Supplied information section start
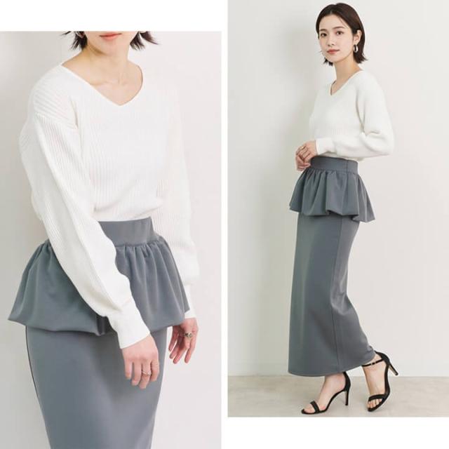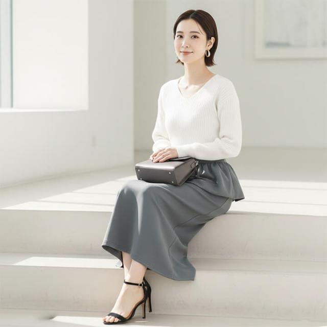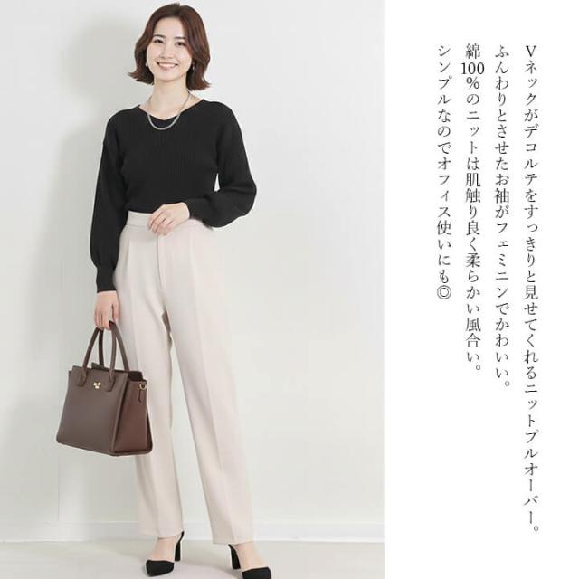 Vネックがデコルテをすっきりと見せてくれるニットプルオーバー。
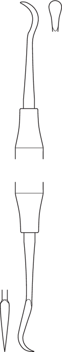 Scaler, supragingival, acc. to Cumine, figure 33, width at the top 3.7 mm, width at the bottom 2.6 mm, solid handle, Ø 8 mm, length 17.5 cm
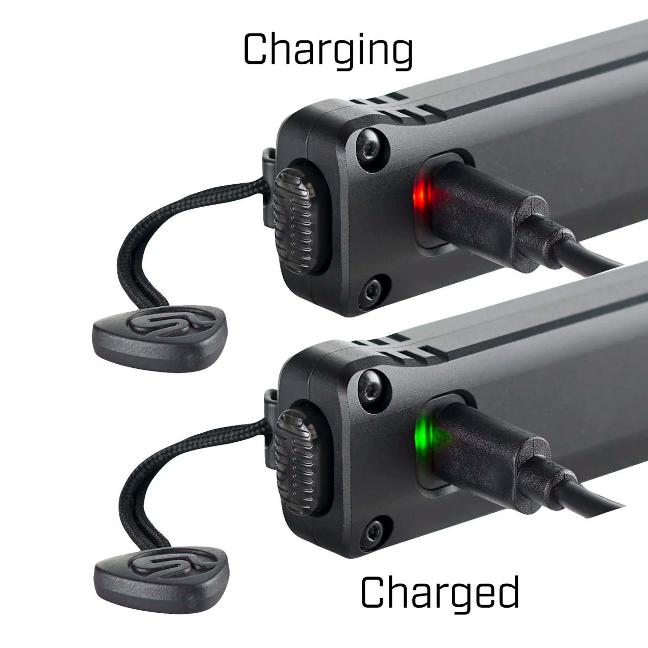 - USB-C rechargeable lithium polymer battery; charges in 6 hours within the light itself
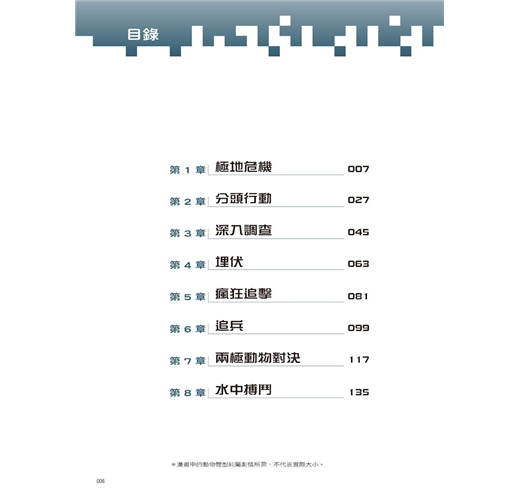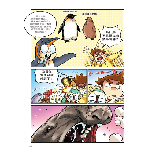 只要學習3步驟,趣味漫畫+驚險故事=開啟知識之門,培養小小生物學家!STEP 1情境學習∣教育性★★★★★圖像式漫畫結合生動可愛的人物和驚險刺激的故事編排,讓你彷彿置身各種動物的棲息地,加深小朋友的印象。並且藉由團隊合作的故事,建立勇於挑戰與冒險的精神,並藉此培養關懷自然與生命的胸襟和體貼他人的個性。
Supplied information section end
Try it: The lines to write out are those from the first line of the listing above through the line bearing "- USB-C rechargeable", both included, copied exactly with pictures dropped.

Final answer:
 Vネックがデコルテをすっきりと見せてくれるニットプルオーバー。
 Scaler, supragingival, acc. to Cumine, figure 33, width at the top 3.7 mm, width at the bottom 2.6 mm, solid handle, Ø 8 mm, length 17.5 cm
 - USB-C rechargeable lithium polymer battery; charges in 6 hours within the light itself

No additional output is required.